Fantasyland

Europe is now bordering on the delusional.  Unable or unwilling to cope with the recent refugee influx, or to acknowledge the right of people to seek asylum from persecution, or the root causes of the wars driving people into Europe, various European governments have simply decided that wishing people away is the most viable solution to the problem.  If we can just prevent people from coming or staying here, the thinking goes, there won’t be a refugee crisis anymore.  Poof!  Who the hell cares what the consequences are?  Poof!

As if that weren’t bad enough though, this wishful thinking is backed up by the power and military force of the state, so that forced deportations and bulldozing of people’s homes becomes the only option to carry out these fantasies.

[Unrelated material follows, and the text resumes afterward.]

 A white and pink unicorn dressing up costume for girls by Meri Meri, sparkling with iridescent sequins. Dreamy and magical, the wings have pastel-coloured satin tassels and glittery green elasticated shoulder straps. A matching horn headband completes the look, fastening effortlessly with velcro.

The latest news, as reported by The Guardian, is that the Prefect of Calais has ordered some one thousand refugees, mostly from Syria and Iraq, living in “The Jungle” trying to get to the UK, to vanish, or voluntarily be moved into heated shipping containers where they can sleep.  Their sector of the Jungle will be bulldozed on Tuesday.  This represents about one-quarter of the residents of The Jungle, which reportedly has grown into its own town, complete with restaurants, shops, and mosques.  But, you know, the Prefect, Fabienne Buccio, said, it gives Calais a bad image.  So she follows the enlightened path of the Greek government, which bulldozed a similar camp in Patras in 2008.  But – surprise – refugees don’t disappear.  Eight humanitarian aid agencies, as well as prominent signatories of a letter to David Cameron, oppose this forced relocation.

Perhaps it is ironic that the Prefect’s own grandfather was a refugee to France fleeing Fascism in Italy before the Second World War.  But he was white and Western European, which makes all the difference.  She claims Jane Austen and Colette as her favorite writers, but maybe she should have spent a little more time reading Victor Hugo or Émile Zola, I wonder.

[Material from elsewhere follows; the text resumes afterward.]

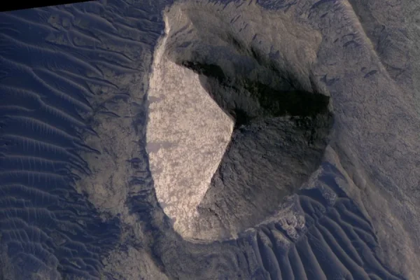 Em tempos de inteligência artificial (IA), muitos podem se questionar se a imagem é verdadeira, mas o tetraedro de Candor, nome dado a estrutura parecida com a pirâmide é real e foi registrado pela primeira vez em 2002, por fotografias de satélite que investigam o planeta vermelho.

So exactly where these thousand or so refugees, nearly 300 of whom are unaccompanied children, are going to go is still unsolved.  Shipping containers?  More crowded conditions elsewhere in The Jungle?  Britain?  Jails?  Or hit the road again?  Not our problem!  Just make them go away and our problem will be solved.

Meanwhile, on the border between Central and Eastern Europe, another example of delusional wish-fulfillment politics is unfolding.  The government of Austria, which actually had been one of the better countries in terms of welcoming refugees, and rarely deporting Afghan refugees for example, has now set a limit on asylum applications for next year, after 90,000 applications last year.  The limit on the number of people who can apply this year is about half that, and as for the rest, well, they can just disappear.  The Austrian government has told the Macedonian government – which, last time I checked has no border with Austria – to “completely stop” the flow of refugees crossing from Greece into Macedonia.  Just stop them, Macedonia!  Stop them!

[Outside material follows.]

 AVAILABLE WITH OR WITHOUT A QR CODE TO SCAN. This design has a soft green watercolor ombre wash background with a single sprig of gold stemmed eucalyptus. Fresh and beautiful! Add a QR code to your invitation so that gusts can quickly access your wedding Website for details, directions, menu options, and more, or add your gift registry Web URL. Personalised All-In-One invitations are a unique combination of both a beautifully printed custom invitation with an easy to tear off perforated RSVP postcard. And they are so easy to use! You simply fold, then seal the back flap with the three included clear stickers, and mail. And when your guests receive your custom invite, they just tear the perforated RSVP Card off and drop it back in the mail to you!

And so, where are they going to go again?  Oh right, now that NATO is involved, there aren’t going to be refugees coming into Europe anymore, they’ll be blocked between Turkey and Greece.  Uh-huh.  Or maybe they won’t come at all!

Obviously, in all seriousness, these governments can’t possibly be as naive as they are coming across.  They have access to many more researchers of migration than a lonely little voice like me, but all of them are going to agree that stopping the flow of the mass migration of humans is an impossible task.  It’s never been done in human history, and example after example historically shows that you can dam up flows, and you can make migration more dangerous and lethal – which they’ve already done – but people are always going to find a way to get through.  And all this is aside from the underlying moral (and in this case legal) question that you can’t in good conscience deny people the right to flee from war and persecution, especially when you’ve, at a minimum, specifically signed and enacted laws that commit governments to providing humanitarian protection. Not to mention how unconscionable it is to block the escape of civilians, when your countries are participating in those wars, if not initiating them or even – the great unspoken – fueling and profiting from them by providing arms either directly or through private enterprise.

Too bad those refugees are just so damn inconvenient.  As I’ve said before and will say again, let’s never forget that immigrants of any kind, settled and integrated, end up being a net economic gain for their adopted countries.

But the dangerous logic that has become dominant is that if we can just stop refugee flows, we don’t have a refugee problem. That assumes on some level this is voluntary, a result of a choice. But this is pure fantasy.  If they won’t stop coming, they can be legislated away, stored in shipping containers, deported, fenced out, turned back at sea – then they will just stop coming.  The problem is that, even if that were morally justifiable, there’s no evidence it has ever happened that way.  It’s time for solutions that are based in reality, morally responsive, and actually forward-thinking in coming up with ideas that will benefit refugees as well as the residents, new and old, of their new communities and neighborhoods.

And of course the other part of the fantasy is that Europe is going to be a place of peace and prosperity for refugees, where they can finally put the traumas of the past safely behind them.